Along abandoned, but partially discernable railway grade runs south easterly from near Hylo, Alberta towards the confluence of the Little Beaver and Amisk rivers, and some distance beyond towards St. Lina, Alberta. (1)

Rails were laid down from the commencement point near Hylo, known as Dewar Junction. (2) It was located along the Alberta & Great Waterways Railway (AGW & R) main line which ran from Dunvegan Yards (then outside Edmonton) to Lac La Biche.

Although plans were drawn up, a railway trestle was never built across the Beaver River. However, the grade was constructed along the south side of the Beaver River, from a location immediately east of where Secondary Highway No.866 crosses the fiver to a point near St. Lina. This rail line was apparently intended to run at least as far east of Cold Lake, near the Saskatchewan border.

The following news item appeared in the Edmonton Bulletin in 1917:
 The Cold Lake Branch of the AGW
 railroad turning off about ten miles south
 from Lac la Biche will be under
 construction during the summer. Already
 the steel reaches to Egg Lake and the
 completion of this feeder will open up
 very valuable country to the A.& GW
 railroad. (3)

The "valuable country" in the eyes of J.D. McArthur, (4) who was not only one of Canada's foremost railway builders, but also a lumber magnate, were the large stands of white spruce that existed along this rail line. The North West Lumber Company Limited, which he also controlled, acquired a number of timber berths in the Lac La Biche region. This was at a time when loggers were required to leave spruce trees smaller than 14 in. at the stump. There were apparently many trees south of Missawawi (Egg) Lake which exceeded 24 inches in diameter.

The Lac La Biche Detachment diary written by Constable Fred G. Moses of the Alberta Provincial Police, noted, among other things, that "the construction gangs on the new branch of railway are all still busy working in the Beaver River vicinity." (5)

Logs were transported by rail from along the initial stretch of the Cold Lake branch, the main line and nearby spur lines to North West Lumber's sawmill at Dunvegan Yards. As stated in an article in Edmonton Bulletin, under the by-line, "Development of the North is of Amazing Proportions--Lumber Industry of Tremendous Importance:"
 The extent of the lumber industry of the
 north is scarcely appreciated in other
 parts of the country ... On the Waterways
 [now part of Fort McMurray] Railway
 near Lac la Biche, the North West Lumber
 Co. has a cut of eight million feet of logs.
 These logs will be hauled to Edmonton by
 rail and cut at the company's mill at
 Edmonton. In all a log cut of nearly forty
 million feet on the McArthur railway
 lines employing men during the winter
 and supplying during the summer. The
 prairie farmers need lumber. The railway
 alone makes possible the bringing of this
 vast amount of needed building material
 within the reach and means of the prairie
 farmer. (6)

The timber from the Lac La Biche region in large measure also supplied McArthur's needs for heavy beams, railway ties, and bridge pilings.

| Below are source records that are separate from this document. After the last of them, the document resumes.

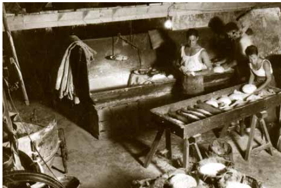
Imatge de la fleca de la fonda de can Berga del carrer Major, poc temps abans de l'any 1936.

Els oficis , amb els seus mestres i els seus aprenents. I ja se sap el que diu la dita: fent i desfent apren l'aprenent.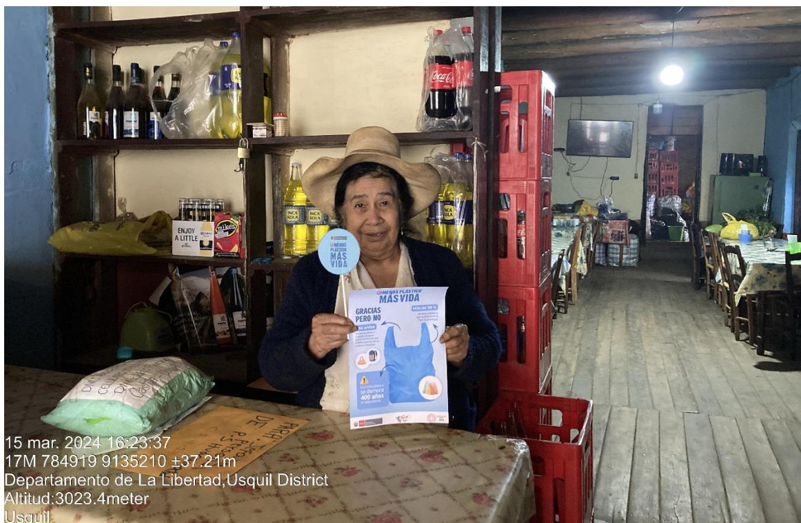
15 mar. 2024 16:23:37 17M 784919 9135210 ±37.21m Departamento de La Libertad, Usquil District Altitud: 3023.4meter Usquil.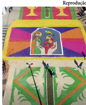
Tradicionais tapetes pelas ruas da cidade

Além do significado religioso para os católicos, a ce-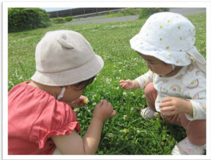
自然と触れ合う中で、 たくさんの驚きと発見があります！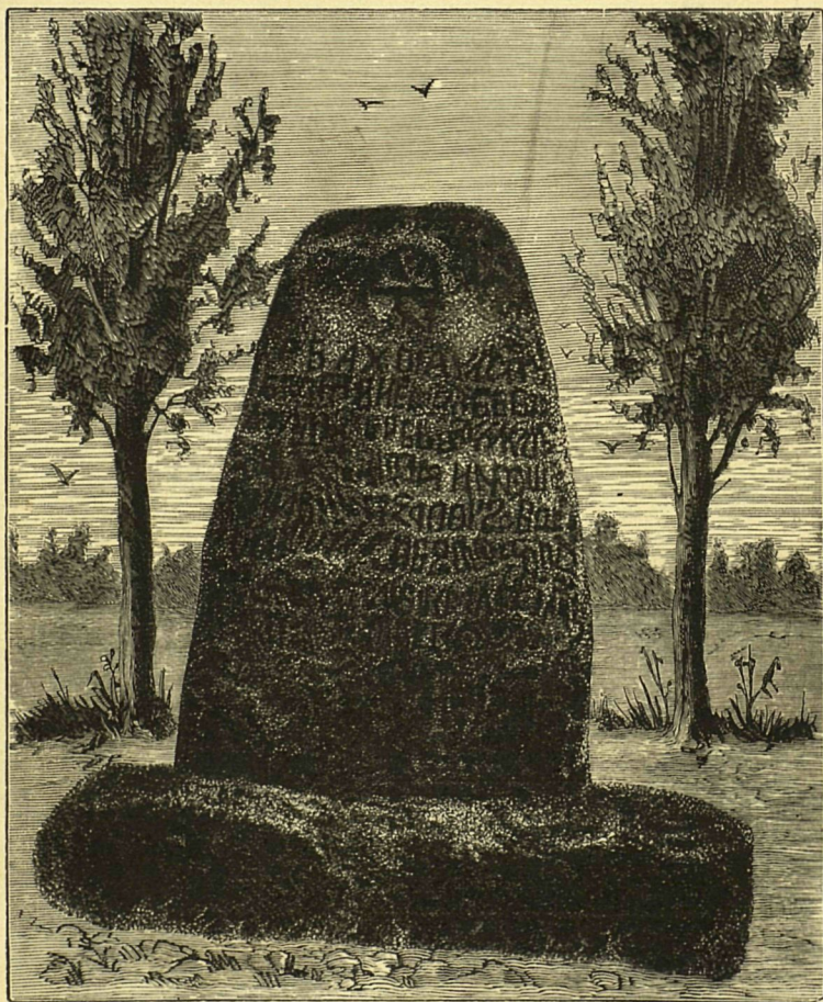
Могіла кошеваго атамана И. Д. Сирко.

Shay locomotives were often used on the spur lines. These geared steam locomotives generated a distinctive squealing sound instead of the "chuff-chuff-chuff" of a conventional locomotive.

Apparently a good man could hack 50 ties a day with a broad axe for 10 cents per tie. (7) Wages were 10 cents per hour, and 25 cents per hour if a man had his own team of horses and fed them. These logging operations provided considerable employment during the winter months, particularly for the predominantly Italian settlers in the Hylo-Venice district.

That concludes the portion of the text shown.